La position de fin de partie dans laquelle Lee Sedol a abandonné samedi 12 mars © DR La position de fin de partie dans laquelle Lee Sedol a abandonné samedi 12 mars © DR

Dimanche, Lee a changé l'atmosphère en remportant la quatrième partie. Pour autant, cette victoire ponctuelle n'est probablement qu'un sursis. Après le match, le programme intègrera les enseignements de sa défaite pour tenter de corriger ses points faibles, et il est probable qu'il en résultera une nouvelle version d'AlphaGo encore plus forte. À terme, l'on ne voit pas comment l'intelligence artificielle ne dépasserait pas, comme aux échecs, les capacités des champions humains.

Cela étant, le triomphe d’Alphago dépasse le jeu de go. Les techniques d’apprentissage automatique et les systèmes de « réseaux neuronaux profonds » qui sont au cœur du programme sont aussi utilisés par Google pour faire fonctionner ses services grand public. Les mêmes outils servent, entre autres, à identifier des visages sur des photos, à reconnaître des commandes vocales de smartphones, à sélectionner les choix des moteurs de recherches, etc. Demain, ils permettront de réaliser des moteurs de recherche plus intelligents, capables de mieux comprendre la demande de l’utilisateur, ou des assistants personnels informatiques vraiment utiles.

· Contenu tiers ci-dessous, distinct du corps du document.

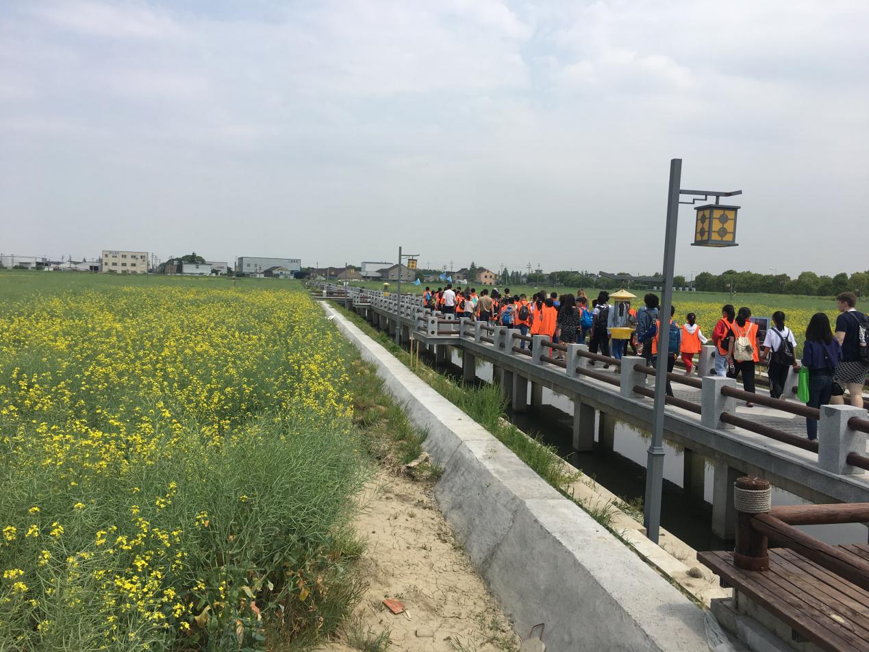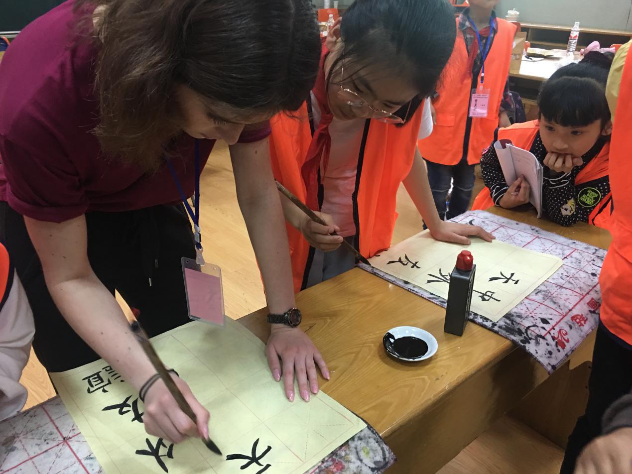 下午,留学生们和孩子们前往丁桥新仓村谷堡,体验江南水乡的农耕农作文化。大家在工作人员的带领下,漫步在120亩的谷堡内,虽然这里的油菜花已经凋谢,但是这丝毫不影响大家游览的兴致,留学生们纷纷拿起手机记录下眼前的美景。随后,大家一起走进农耕博物馆,感受农耕文化的历史变迁;一起观摩爆米糖的制作过程,看民间艺人手摇爆米花机,听爆米花的巨响,品尝爆米花糖的香甜;一起在民间艺人的指导下,学习玉米叶编织技艺,感受稻作文化的丰富内涵。结束了新仓村谷堡的参观之后,留学生们又返回海宁青少年宫,体验中国的书法艺术,并对孩子们书写的汉字赞不绝口。

L’essence d’un programme comme AlphaGo est sa capacité à s’améliorer lui-même, en, analysant une masse de données. Cela peut en principe s’appliquer à mille autres choses qu’à un jeu traditionnel chinois. Pour Hassabis et ses collègues, les machines pourraient apprendre à effectuer des tâches concrètes comme elles apprennent à jouer au go. Mais le monde réel est beaucoup plus complexe que le monde formalisé d’un jeu de stratégie. Comment les machines du futur se débrouilleront-elles dans des environnements plus flous et moins artificiels qu’un échiquier ou un goban ? Les paris sont ouverts.

 

N.B. Ce billet publié samedi 12 mars a été remis à jour dimanche 13, pour tenir compte de la victoire de Lee Sedol dans la quatrième partie.